<<<<
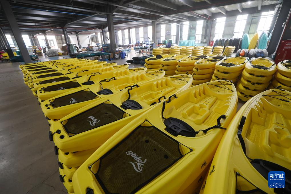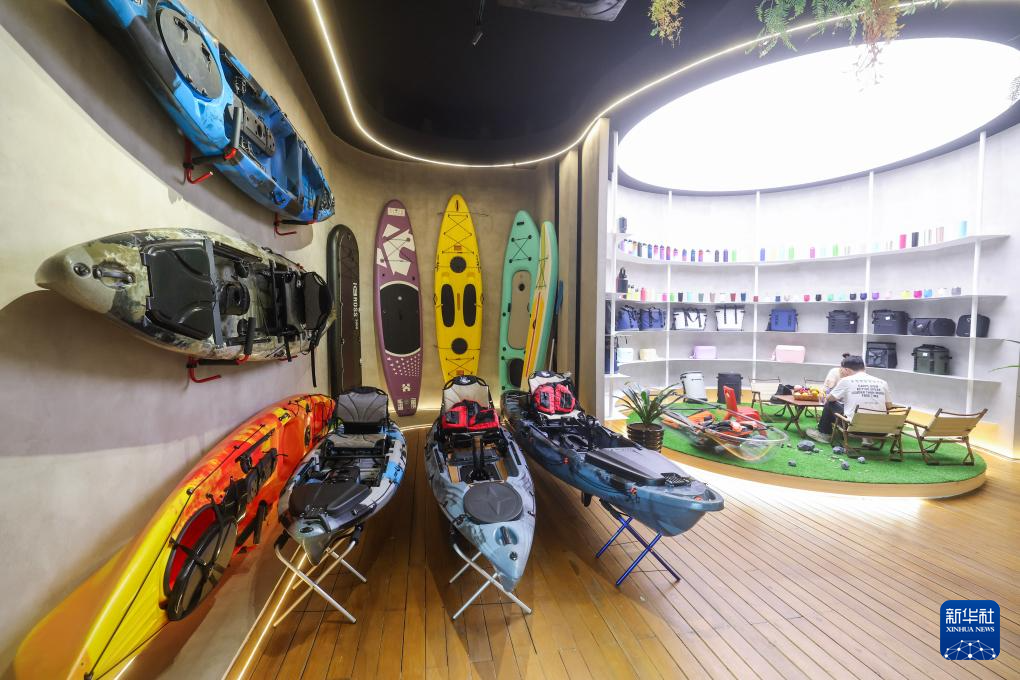 位于慈溪市的浙江酷尔智能科技有限公司的展厅内展示公司生产的各类皮划艇及相关户外用品(6月25日摄)。该公司生产的皮划艇主要出口欧美市场,同时国内需求也在快速扩大。
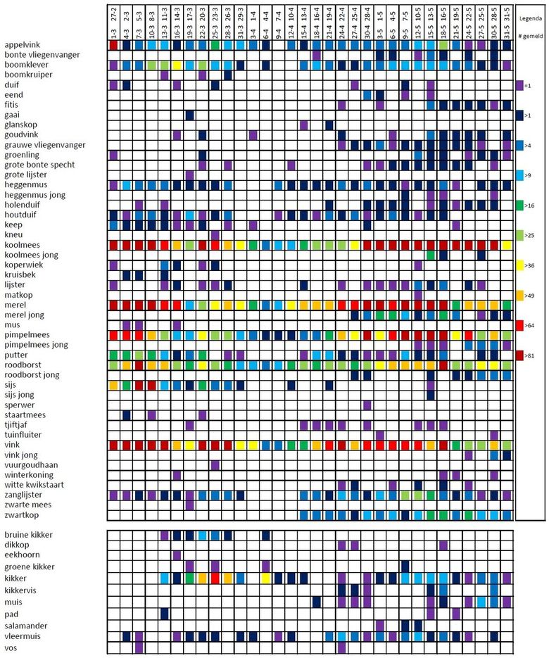 Maar ook heel leuk zijn de vele jongen die door hun ouders hierheen worden gebracht. Vijf jonge koolmeesjes op een rij. Jonge roodborstjes, merels en lijsters.
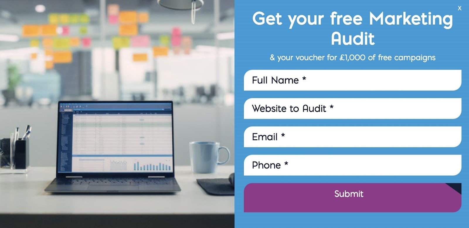 For instance, Iconic Digital provides a free website audit and voucher in return for an email address and phone number.
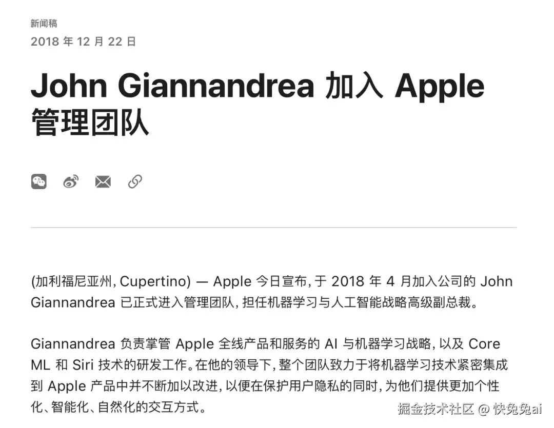 2018年,苹果大手一挥,把谷歌搜索&AI的顶级大佬John Giannandrea(大家直接叫他JG)挖过来,誓要在AI上开卷。
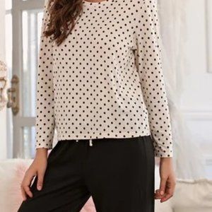 Polka Dot Tee With Pants Pajama Set Black and Cream Colour Long Sleeves, Round Neck, Drawstring Sizes available: XL Brand new 65% Cotton, 35% Polyester with Slight Stretch Accepting offers, bundle to save.
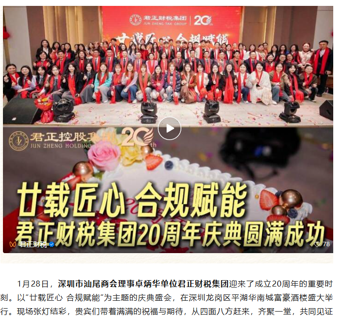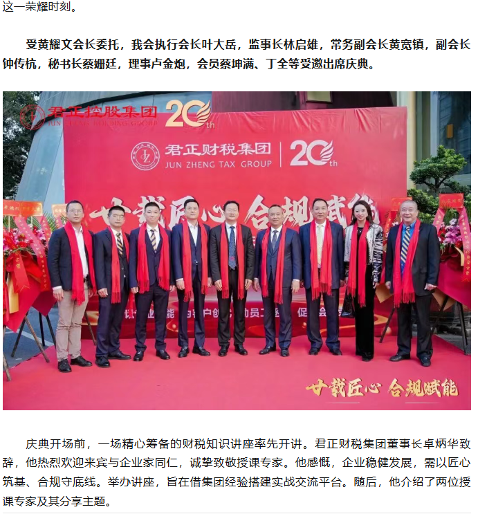 我会领导代表受邀出席深圳君正财税集团20周年庆典
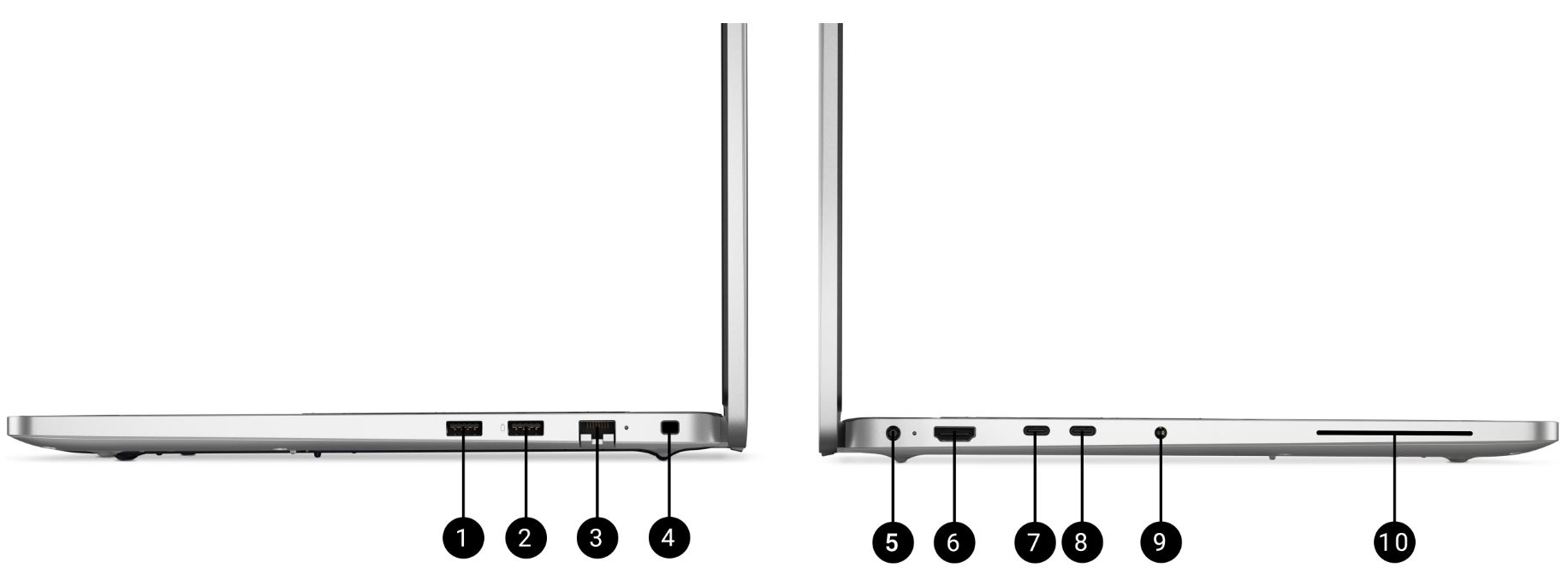 PORTS: 2 x Type-C | 1 x 4.5mm barrel power delivery | 2 x USB 3.2 Gen 1 Type-A | 1 x HDMI 2.1 | 1x RJ-45 (1 Gbps) | 1 x Universal Audio Jack | 1 x Wedge-Shaped Lock slot
>>>>
### [Description of the task]
Exactness is what counts here: copy each entry as given and omit its pictures.

### [Answer section]
 位于慈溪市的浙江酷尔智能科技有限公司的展厅内展示公司生产的各类皮划艇及相关户外用品(6月25日摄)。该公司生产的皮划艇主要出口欧美市场,同时国内需求也在快速扩大。
 Maar ook heel leuk zijn de vele jongen die door hun ouders hierheen worden gebracht. Vijf jonge koolmeesjes op een rij. Jonge roodborstjes, merels en lijsters.
 For instance, Iconic Digital provides a free website audit and voucher in return for an email address and phone number.
 2018年,苹果大手一挥,把谷歌搜索&AI的顶级大佬John Giannandrea(大家直接叫他JG)挖过来,誓要在AI上开卷。
 Polka Dot Tee With Pants Pajama Set Black and Cream Colour Long Sleeves, Round Neck, Drawstring Sizes available: XL Brand new 65% Cotton, 35% Polyester with Slight Stretch Accepting offers, bundle to save.
 我会领导代表受邀出席深圳君正财税集团20周年庆典
 PORTS: 2 x Type-C | 1 x 4.5mm barrel power delivery | 2 x USB 3.2 Gen 1 Type-A | 1 x HDMI 2.1 | 1x RJ-45 (1 Gbps) | 1 x Universal Audio Jack | 1 x Wedge-Shaped Lock slot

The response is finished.